Why Does the NAMI and MBK Global Partnership Put Spare Part 3D Printing in the Spotlight?
Spare part 3D printing is becoming a critical topic once again for operations stalled by long lead times. The collaboration between NAMI and MBK Global in the Gulf region, focused on additive manufacturing, reverse engineering and digital inventory, points to exactly this: instead of waiting months for the part you need, prepare the right part digitally and produce it faster.
Why is digital stock at the heart of the partnership?
According to the news shared on VoxelMatters on 19 June 2026, NAMI and MBK Global aim to expand additive-manufacturing-based access to spare parts, particularly for industrial operators. The real value here is not simply “using a 3D printer”; it is turning a part into a digital asset that can be scanned, measured, remodeled and reproduced whenever needed. This approach reduces waiting times for businesses dependent on imported supply, while also making maintenance planning more predictable.
This model works especially well for low-volume parts, items that are expensive to keep in stock, or components whose originals are no longer available. While conventional manufacturing comes with the pressure of tooling, minimum orders and logistics, the digital inventory logic stores the part information and triggers reproduction only when the need arises. This news matters because it shows that 3D printing is used not just for prototypes, but for operational continuity as well.
What does this mean in practice for Ucuz3D?
Since Ucuz3D focuses on FDM-based production, this approach is especially meaningful for plastic housings, connection fittings, air ducts, covers, separators and functional parts operating under low-to-medium loads. If a plastic component that has broken in the field can be reproduced with the right dimensions and material choice, this can sometimes offer a far faster solution than waiting for a new part from abroad. For this type of work, the use cases on the broken plastic part 3D printing service page are directly relevant to the subject.
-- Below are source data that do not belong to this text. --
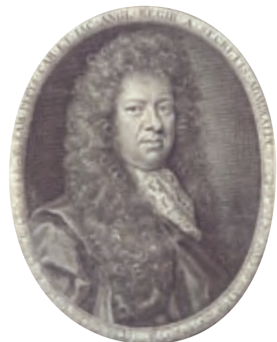
below: Robert White (1645–1703) Portrait of Samuel Pepys London: 1690 engraving; 14.1 x 8.8 cm Pictures Collection nla.pic-an9814330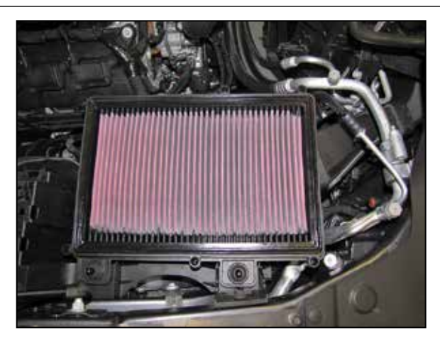
5. Install the AIRAID<sup>®</sup> air filter and then replace the factory lid and secure with the factory screws.

2. Disconnect the crank case vent line from the factory intake tube and disconnect the inlet air temperature sensor electrical connection.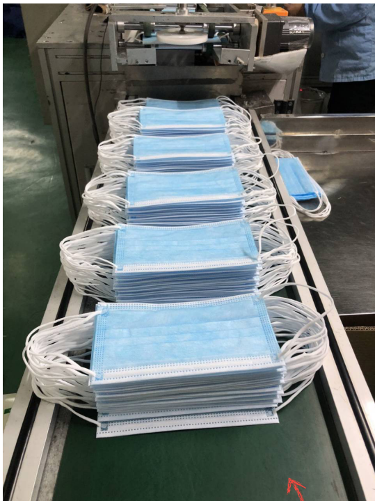
the production facility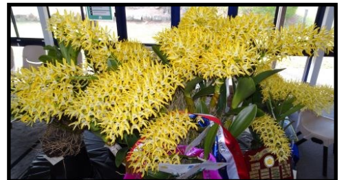
Ron Findlater's Champion Native

The critical point here is not to try to print every part with the same material. While PLA may be sufficient for indoor, low-heat and quick test parts, more durable needs call for PETG, ABS, ASA, TPU or engineering-grade filaments. For an urgent need, you can request a quote right away for a fast assessment based on dimensions, photos or an existing sample. This way it becomes clear from the outset whether the part is genuinely suitable for FDM or whether a different production approach is required.
How does the digital inventory approach work in the field?
What the NAMI and MBK Global news really teaches is not just to produce a part once, but to make it reproducible. In practice, the process usually proceeds in this order:
- Identifying the part: The broken or unavailable component is selected.
- Measurement and modeling: A CAD model is prepared from a sample, technical drawing or measurements.
- Material and print trial: A suitable filament is chosen according to the part’s use case.
- Validation and archiving: If the part works, the file is stored and the same data is reused for future needs.
If you want to see in a broader context why this logic is increasingly being adopted, the 3D Printing in Spare Part Production guide offers good complementary reading. Because the real gain lies not in a single print, but in the dramatic shortening of preparation time for subsequent failures.
Is it the right solution for every spare part?
The short answer: no. For parts that endure very high heat, intense friction, chemical contact or critical safety loads, simply “holding their shape” is not enough. However, as the news also indicates, in the manufacturing world the greatest value is often created in more modest but frequently needed parts: covers, carriers, protective housings, fasteners, fixtures and auxiliary production tools. That is why the role of 3D printing must be defined correctly; the goal is not to print everything in 3D, but to produce the most sensible parts faster and with more control.
The NAMI and MBK Global partnership matters precisely for this reason: it positions 3D printing not as a one-off novelty, but as an operational tool that strengthens the supply chain. If you have a plastic part sitting idle or lost, digitizing it and making it reproducible is often the most practical first step.